Typically, to form a multi-leaf structure, a binding means must be employed. There are numerous binding means available, but often these are structural bindings that are "thickened" by the binding structure itself, like a ring, wire, clip, or stapled folded structure that have a minimum height defined by the height of the binding itself. The binding thickness is not directly equivalent to the thickness of the sum of the leafs bound, but sets the maximum number of leafs which can be received. The ability to place/insert a preset number of leafs as a "turnable" leaf set module, within another leafed structure where the leaf set thickness of the insertable module is no greater than the sum of the thickness of one or more of the number of leafs themselves has been unavailable. Providing such multi-leaf structures, in particular multi-leaf sets, with their own direct binding means through a selectively "activatable" adhesive is new. Providing an adhesive which may be attached to a multiple leaf structure thereby enabling it to function as a semi-permanently attachable leaf set is new.
So, the invention further relates to the construction of mini-books, "booklets" where each leaf is turnable as a page and is semi-permanently retained in the booklet, and where the leaves are formed with the leaf structures according to the invention where each of the leaves has a hinged repositionable binding, cascaded, one attached to the other in a pad format with an optional deactivation base leaf or strip. The formats of the leafs may include any of the leaf styles in prefolded combination.
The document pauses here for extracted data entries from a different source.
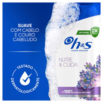 H&S Nutre & Cuida Champô Anticaspa para todos os tipos de cabelos e couro cabeludo eficiente contra a caspa persistente. Champô de uso diário para homem e mulher, com Microbiome Balance a fórmula que ataca a origem do caspa, mantendo o equilíbrio do microbioma do couro cabeludo.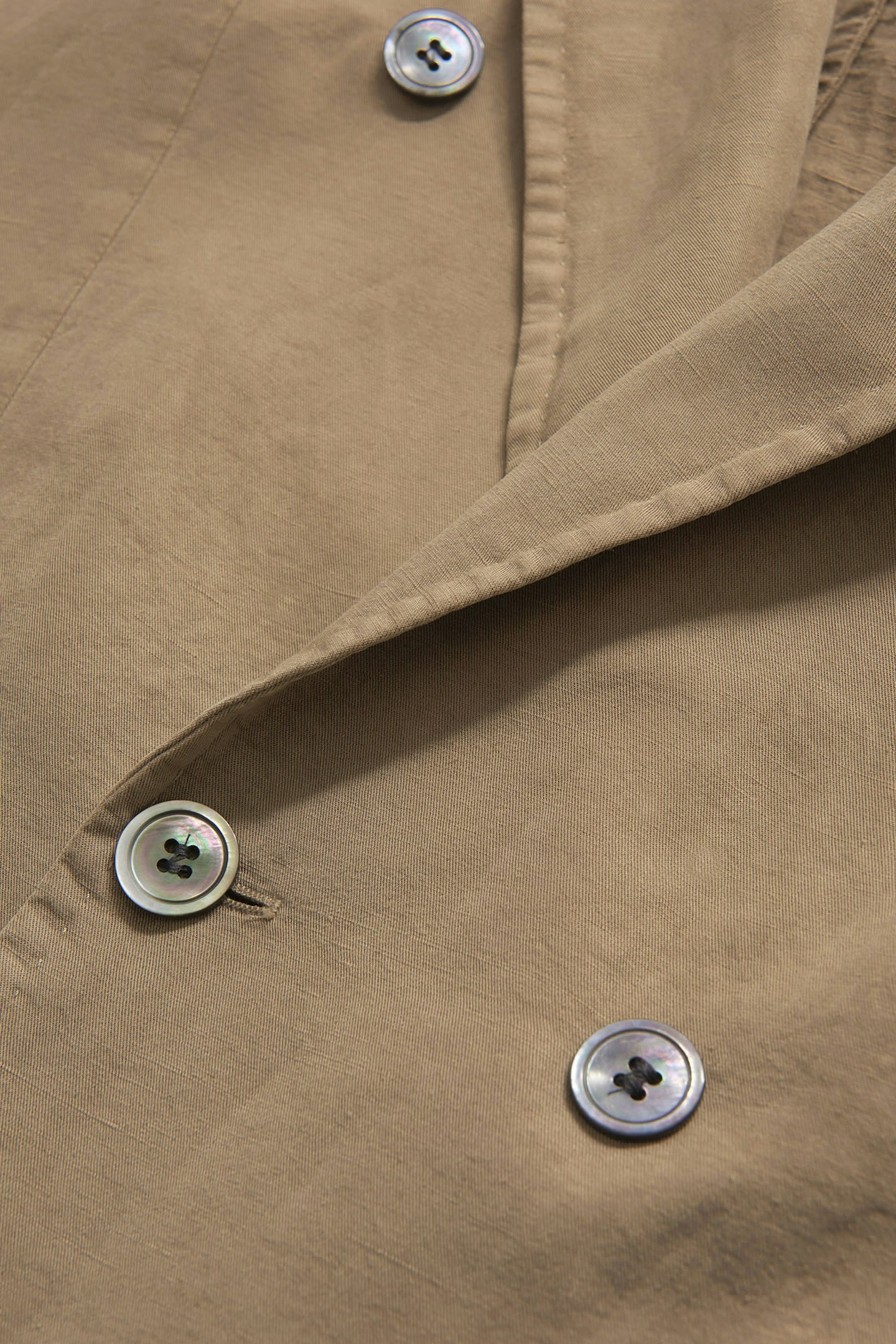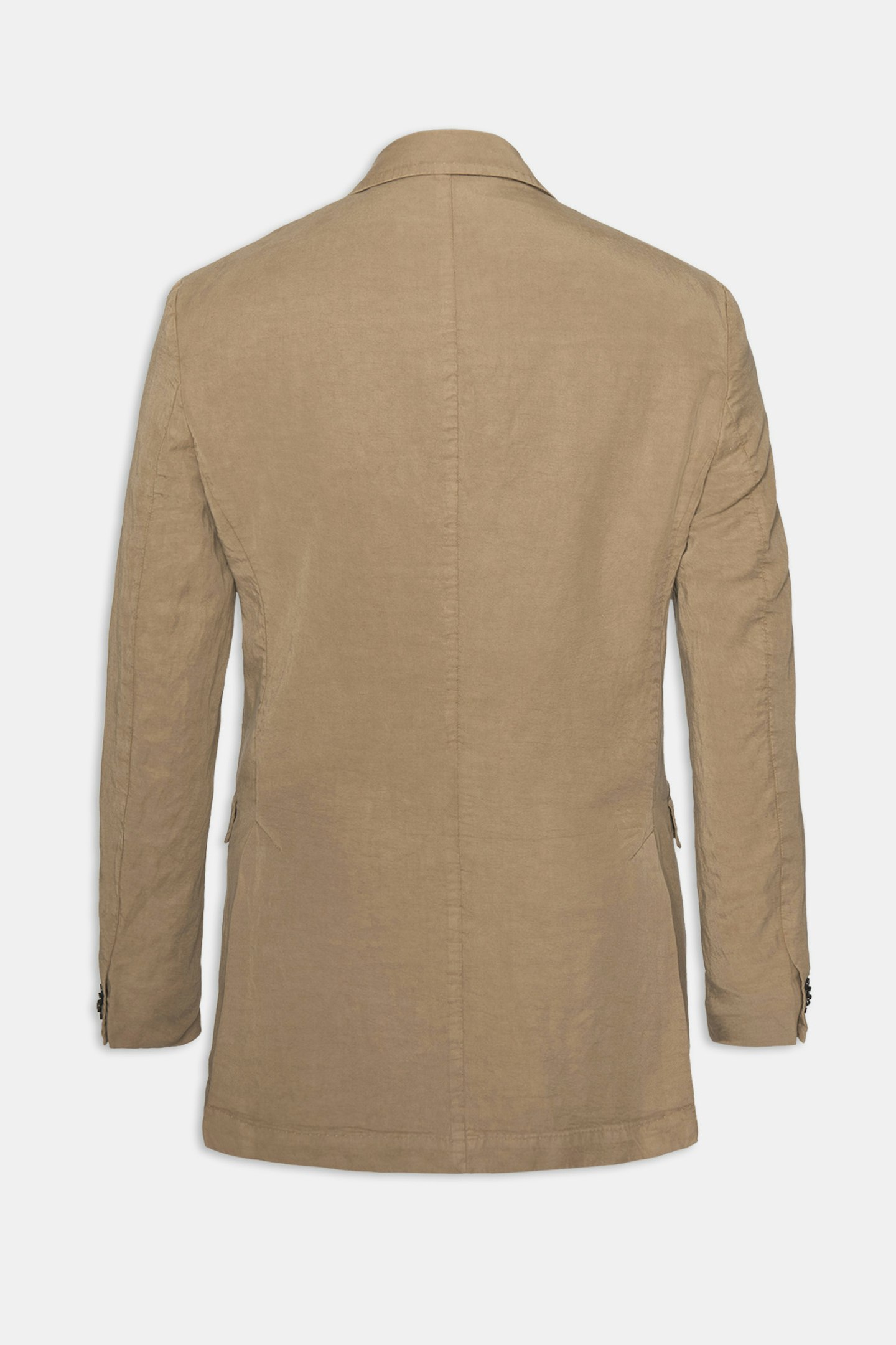 Vår dobbeltspente ukonstruerte blazer i lin og lyocell. Den ekstra lengden og det myke fallet gir en avslappet eleganse.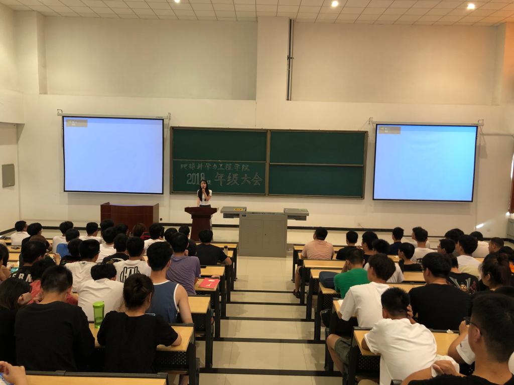6月27日下午,伟德国际1946源于英国在石工地科楼115教室举行2018级主题年级大会。公司党委副书记王莹、学工办主任李化杰参加年级大会。会议由辅导员李佩琦老师主持,2018级全体同学参加大会。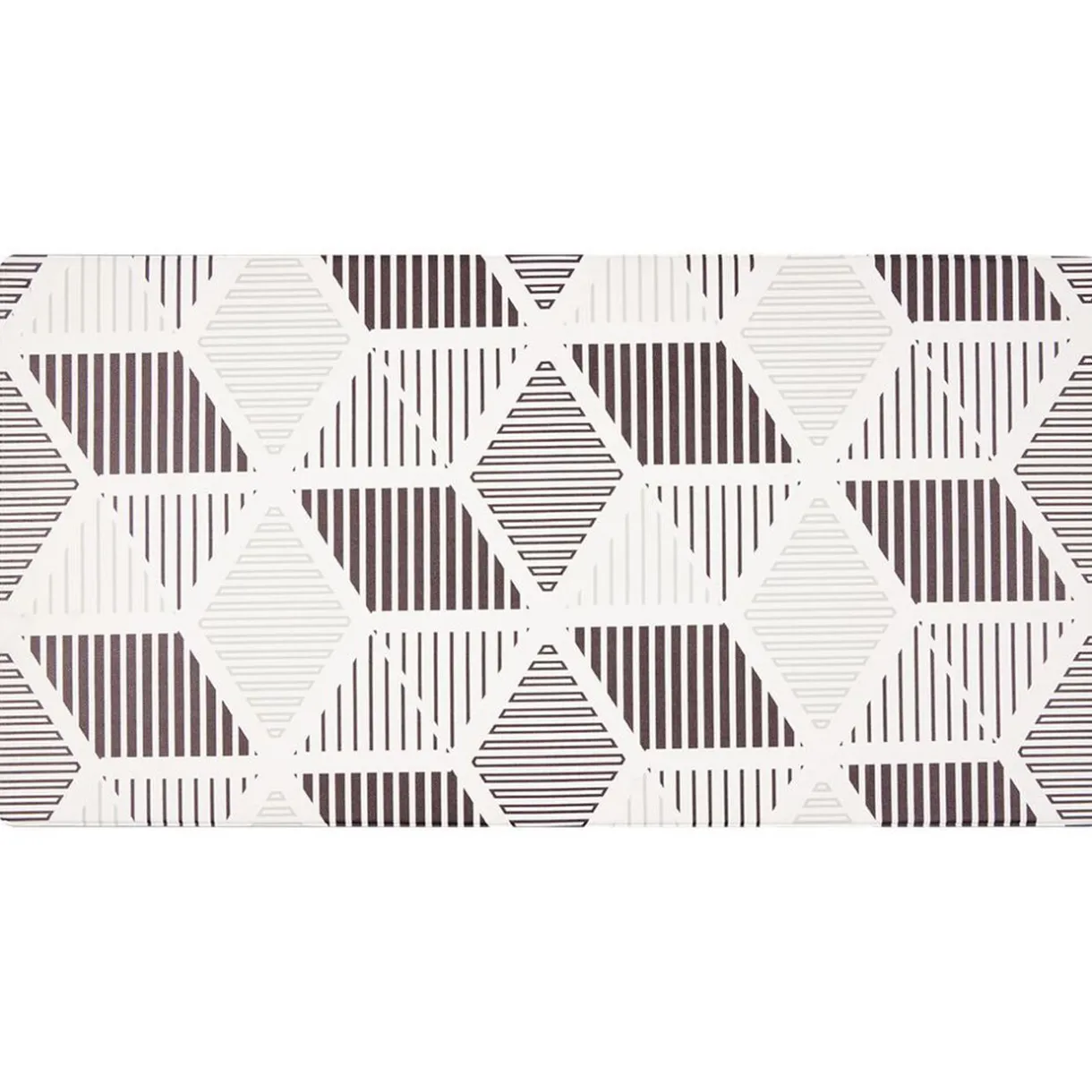 Tapis rectangulaire avec imprimé géométrique noir et blanc. Idéal dans votre cuisine ou buanderie, avec sa matière vinyle il est très facile d’entretien.

Therefore, windowing pages that preserve the face and perimeter orientation of the top surface or "window", which may be constructed as writing surfaces, or multi-function surfaces, and which may be semi-permanently attached to a heterogenous set of bindings, binder surfaces, i.e. the cover or other surfaces of the host object, (i.e. the blank book or notebook) using a "deactivatable" repositional adhesive have been unavailable. Further, such heterogenous binding repositional notes acting as "repositional window pages" which themselves act as mounting surfaces for, in particular, other repositional notes, and which provide a quality means for the posting of groups of notes mounted thereon have been unavailable. Such repositional windowing pages as described, delivered in a semi-permanent attached fashion, there by offering non-sequential positioning across heterogenous bindings, have been unavailable to notebook users.
Additionally, leafs with short and narrow binding tabs which offer repositional adhesive on a portion thereof, may be folded over to deactivate, and which leave all perimeter edges "free" but for the perimeter section along which the binding tab is located, have been unavailable.